HOLOPIS.COM, JAKARTA – Kantor Staf Presiden melalui Tenaga Ahli Utama Ulta Levenia memaparkan isi 20 poin rencana perdamaian Gaza yang disusun oleh Board of Peace (BoP). Rencana tersebut menjadi dasar kesediaan Indonesia untuk terlibat dalam inisiatif perdamaian di wilayah konflik tersebut.
Ulta menegaskan bahwa masyarakat perlu melihat rencana tersebut secara objektif dan menyeluruh sebelum memberikan penilaian.
“Dalam menilai sesuatu, menganalisa dan memberikan judgement, kita harus benar-benar objektif. Hati-hati melihat dari semua sisi dan membaca secara detail apa yang sedang ingin kita analisa,” ujar Ulta, Sabtu (7/3/2026).

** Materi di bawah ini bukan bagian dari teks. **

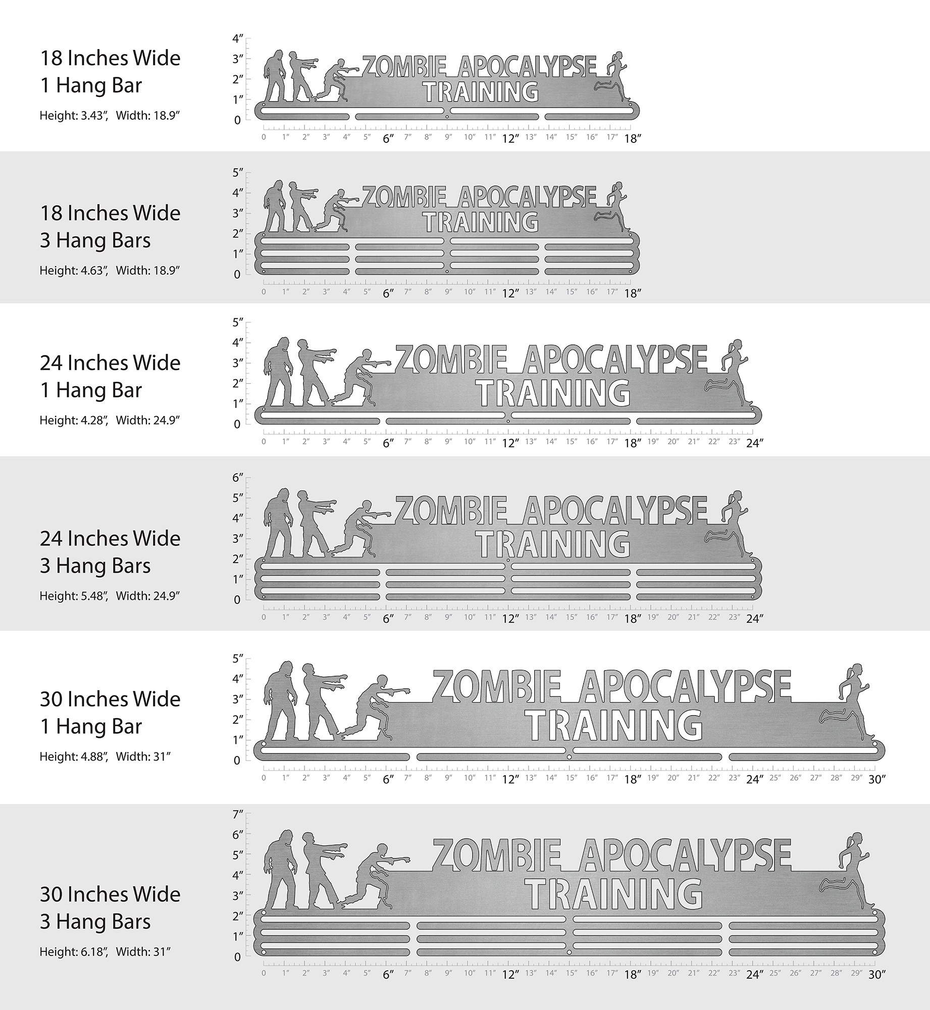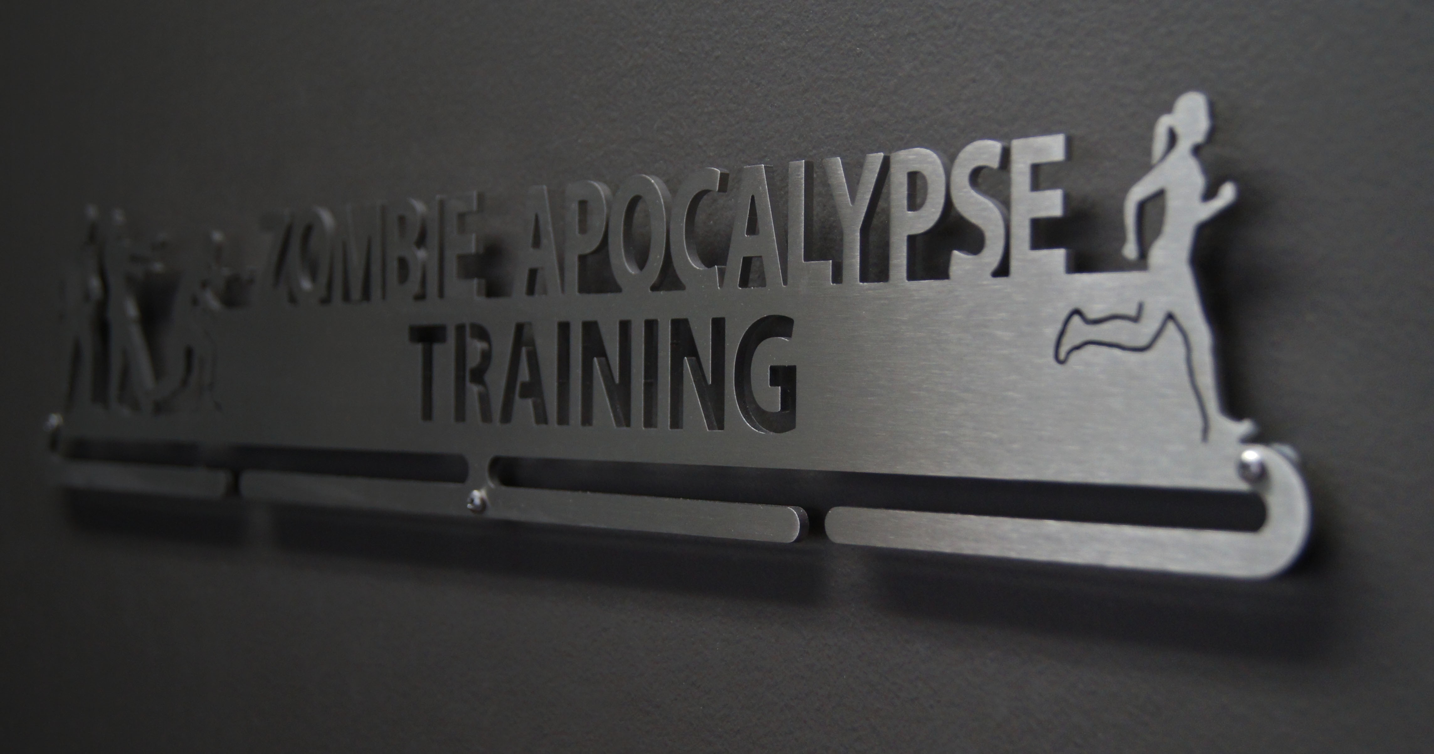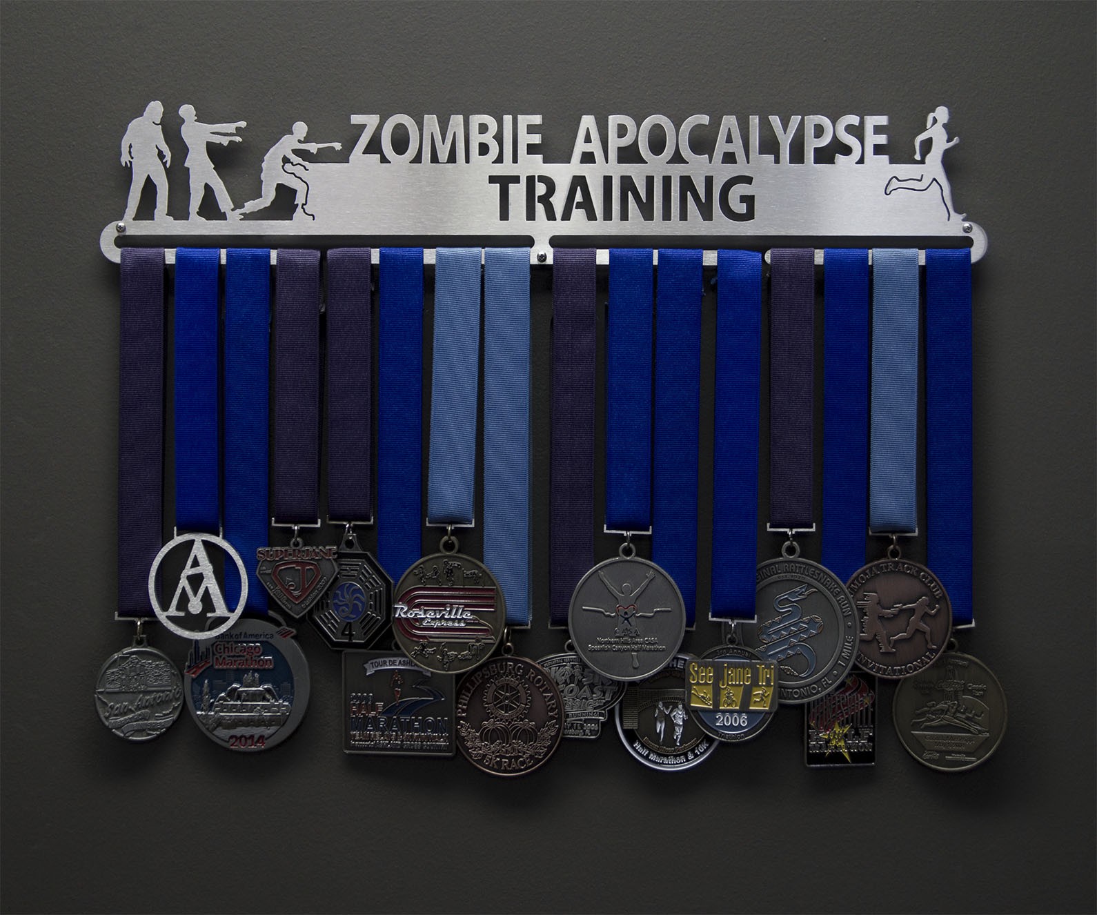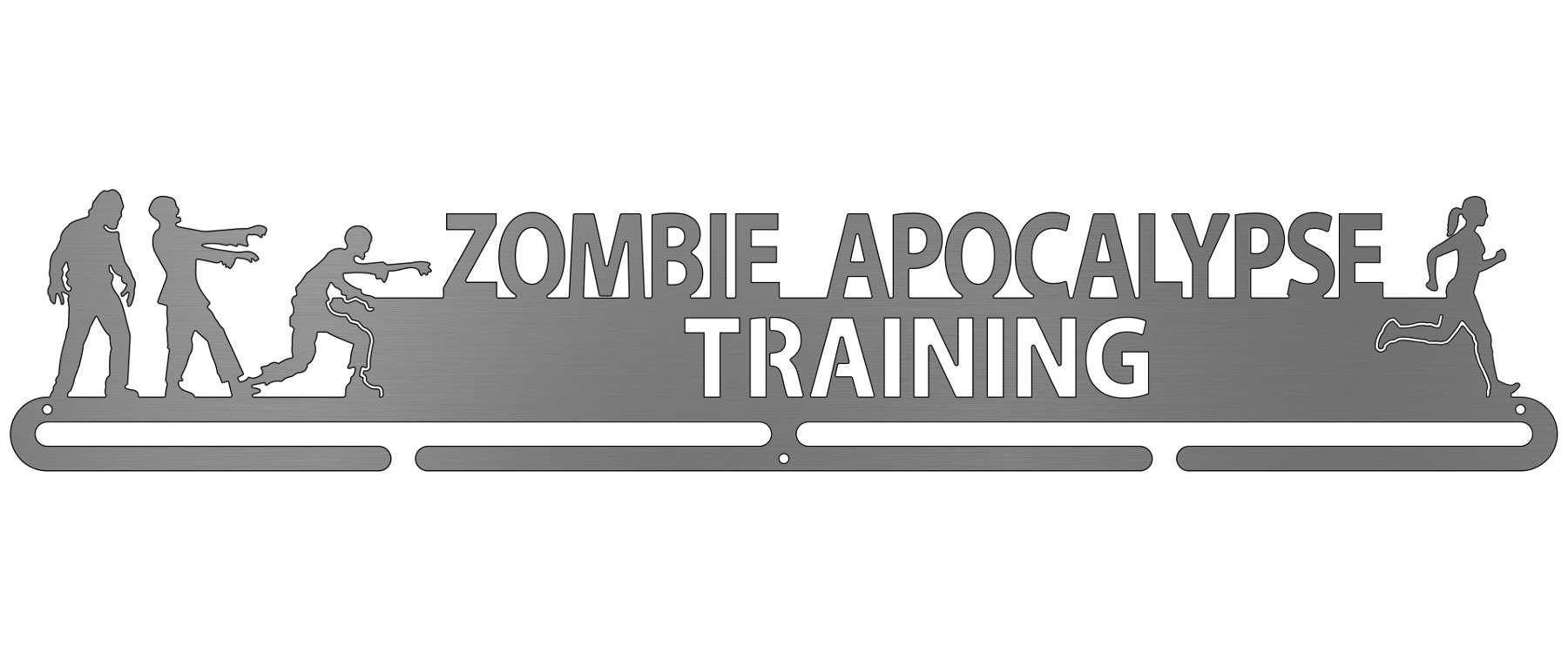 Running will come in quite handy when the Zombie Apocalypse hits! Until then, use this hanger to display your finisher medals.

Ia juga membantah anggapan bahwa BoP tidak berpihak pada kepentingan rakyat Palestina. Dalam poin ke-9 rencana tersebut, disebutkan bahwa wilayah Gaza akan berada di bawah pemerintahan transisi yang dipimpin oleh Komite Palestina.
Sementara pada poin ke-16 ditegaskan bahwa Gaza tidak akan dikuasai oleh Israel. Bahkan, Israel disebut harus meninggalkan wilayah tersebut.
“Ini memperlihatkan keberimbangan poin nomor 16. Ditekankan di sini bahwa Israel ditekan untuk tidak mengokupansi atau menganeksasi Gaza. Sudah dijelaskan di sini kalau Israel dan semua kepentingannya harus meninggalkan Gaza,” ucap Ulta.
Lebih lanjut, dalam poin 19 dan 20, rencana tersebut juga membuka jalan bagi rakyat Palestina untuk menentukan masa depannya sendiri dan membangun negara secara mandiri.
“Lucu kalau dibilang enggak ada poin yang menyebutkan atau mengadvokasi kemerdekaan Palestina di BoP. Bahasanya mungkin berbeda, tapi ini adalah pathway. Nomor 19 dan 20, dibilang bahwa ketika program ini sudah berjalan, akan diberikan pathway kepada Palestinian Authority (PA) untuk self determination and statehood,” jelasnya.
Selain itu, rencana tersebut juga mendorong keterlibatan Amerika Serikat dalam membangun dialog antara Israel dan Palestina agar tercipta kondisi politik yang memungkinkan kedua pihak hidup berdampingan secara damai.
“Intinya poin 20 menyatakan kalau Amerika Serikat ini akan membangun dialog antara Israel dan Palestina agar ada political environment. Ekosistem politik untuk bisa hidup berdampingan secara damai. Itu inti two state solution,” katanya.
Dalam poin lain, disebutkan pula bahwa anggota Hamas yang bersedia hidup damai akan diberikan amnesti setelah proses pertukaran tawanan selesai.
Selain itu, rencana tersebut menegaskan bahwa warga Gaza tidak akan dipaksa meninggalkan wilayahnya. Mereka yang sebelumnya mengungsi akibat konflik juga memiliki hak untuk kembali.
“Jadi BoP harus kita pisahkan dari konflik yang sekarang karena kita berharap ini bisa menjadi sesuatu yang bisa diimplementasikan. Kemerdekaan Palestina harus bisa dicapai. Itu saudara kita dan kita dari awal benar-benar berkomitmen untuk menghapuskan penjajahan dari dunia ini,” tutup Ulta.